A charge Q = +4.5 uC is located at the origin and is fixed so that it cannot move. A small object with mass m = 2.0 g and charge q = +8.0 uC is released from rest at point A on the x-axis at x = 2.0 cm. The small object moves without friction along the x-axis under the influence of the charge Q only (gravity can be neglected) and eventually reaches point B on the x-axis at x = 10.0 cm. (a) Calculate the potential difference between point B and point A (change in VAB = VB-VA). (b) Calculate the speed of the small object when it reaches point B
Δφ=φ₁-φ₂=kQ/r₁-kQ/r₂=
=kQ(r₂-r₁)/r₁•r₂=
=9•10⁹•4.5•10⁻⁶•8•10⁻²/20•10⁻⁴=1.62•10⁶ V
mv²/2= q•Δφ,
v= sqrt(2•q•Δφ/m)=…
Elena,
Im a little stuck on the first equation you have given. In the denominator, we are supposed to multiply r1 by r2. How did you get 20 x 10? Shouldn't it be 0.1m x 0.02m?
Shouldn't the answer be 1.62*10^4V? Unless i'm putting the numbers in wrong. Please help
To find the potential difference between points A and B (VB-VA), we can use the formula:
ΔV = k(Q/rB - Q/rA)
Where:
- ΔV is the potential difference
- k is the Coulomb's constant (k = 8.99 x 10^9 N m^2/C^2)
- Q is the charge at the origin (+4.5 uC = 4.5 x 10^-6 C)
- rB is the distance between B and the origin (rB = 10 cm = 0.1 m)
- rA is the distance between A and the origin (rA = 2 cm = 0.02 m)
Substituting the given values into the formula:
ΔV = (8.99 x 10^9 N m^2/C^2) * [ (4.5 x 10^-6 C) / (0.1 m) - (4.5 x 10^-6 C) / (0.02 m) ]
Simplifying the expression:
ΔV = (8.99 x 10^9 N m^2/C^2) * (4.5 x 10^-6 C) * (1/0.1 - 1/0.02)
ΔV = (8.99 x 10^9 N m^2/C^2) * (4.5 x 10^-6 C) * (10 - 50)
ΔV = (8.99 x 10^9 N m^2/C^2) * (4.5 x 10^-6 C) * (-40)
ΔV = -0.16191 J
Therefore, the potential difference between point B and point A is approximately -0.16191 J. The negative sign indicates that the potential decreases as the object moves from A to B.
To calculate the speed of the object when it reaches point B, we can consider the conservation of energy.

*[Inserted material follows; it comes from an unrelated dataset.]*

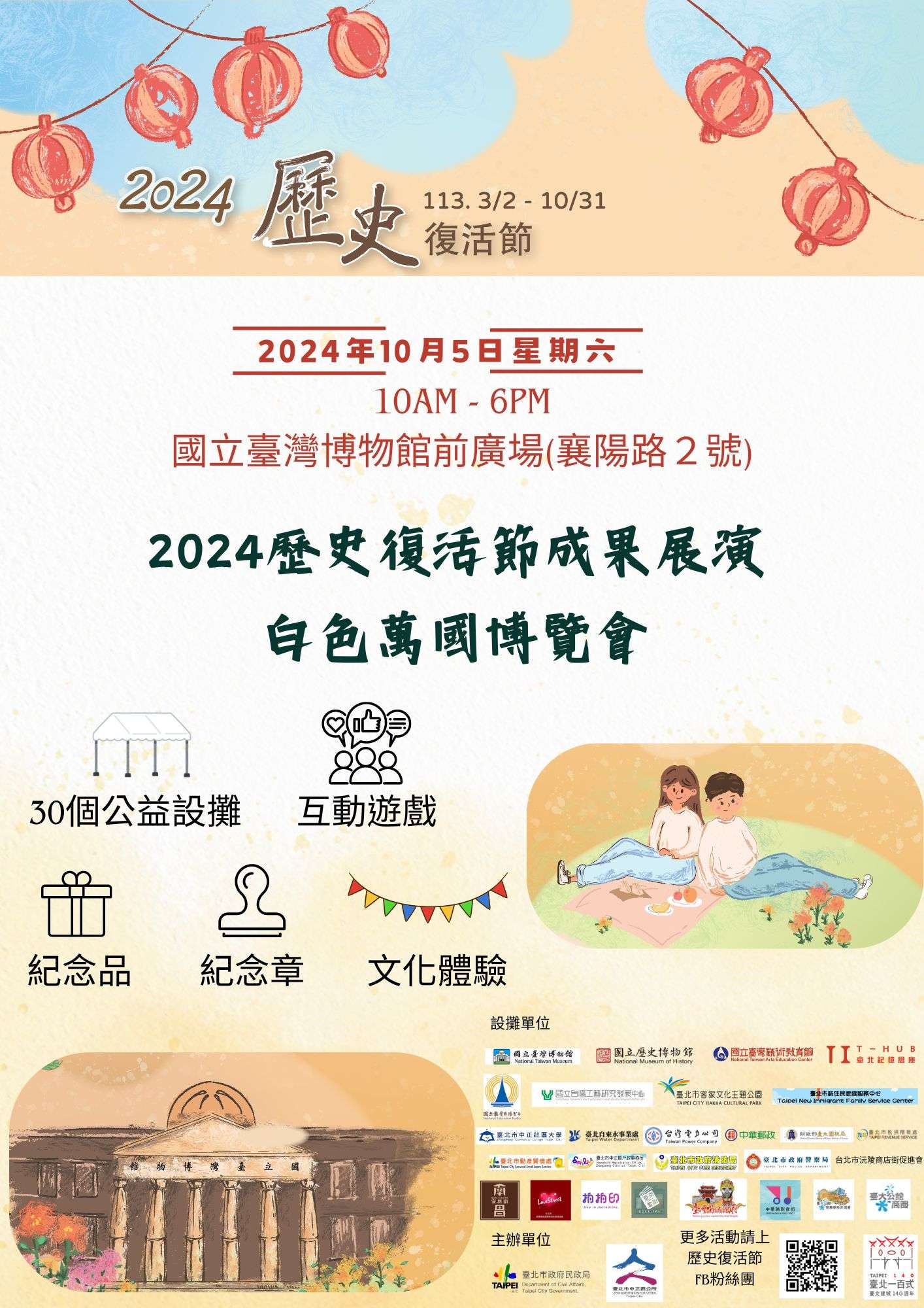臺北市中正區公所將在113年10月5日(星期六)上午10時至下午6時於二二八和平公園-國立臺灣博物館本館(襄陽路2號)前廣場,舉辦 「2024歷史復活節-白色萬國博覽會」,展演歷史復活節活動成果,特邀區內各機關、博物館、古蹟場館等一起設置30個公益攤位,邀請您一同品文化、玩體驗、拾回憶,感受獨特的中正區地方特色!更多活動詳情請上歷史復活節FB粉絲團(https://www.facebook.com/papagozhongzheng),或上臺北市中正區公所網站基層藝文專區(https://zzdo.gov.taipei/基層藝文)查詢。

The total mechanical energy at point A is given by:
Ei = KE + PE
Since the object starts from rest at point A, the initial kinetic energy (KEi) is 0.
Ei = PE
The potential energy (PE) at point A is given by:
PE = q * ΔV
Where:
- q is the charge of the object (+8.0 uC = 8.0 x 10^-6 C)
- ΔV is the potential difference from part (a)
Substituting the values:
PE = (8.0 x 10^-6 C) * (-0.16191 J)
PE = -1.29528 x 10^-6 J
The total mechanical energy at point B (Ef) is given by:
Ef = KE + PE
Since the object has no potential energy at point B, only kinetic energy remains:
Ef = KE
Let's assume the final speed at point B is vB.
Ef = KEf = 0.5 * m * vB^2
Since the object has no initial kinetic energy and no potential energy at point B, the total mechanical energy is conserved:
Ei = Ef
PE = 0.5 * m * vB^2 - 1.29528 x 10^-6 J
Now we can solve for vB:
0.5 * m * vB^2 = 1.29528 x 10^-6 J
Substituting the given values:
0.5 * (2.0 g) * (vB^2) = 1.29528 x 10^-6 J
Converting the mass from grams to kilograms:
0.5 * (0.002 kg) * (vB^2) = 1.29528 x 10^-6 J
Simplifying the expression:
0.001 * (vB^2) = 1.29528 x 10^-6 J
vB^2 = (1.29528 x 10^-6 J) / (0.001)
vB^2 = 1.29528 x 10^-3 m^2/s^2
Taking the square root of both sides:
vB = 0.036 J/s
Thus, the speed of the small object when it reaches point B is approximately 0.036 m/s.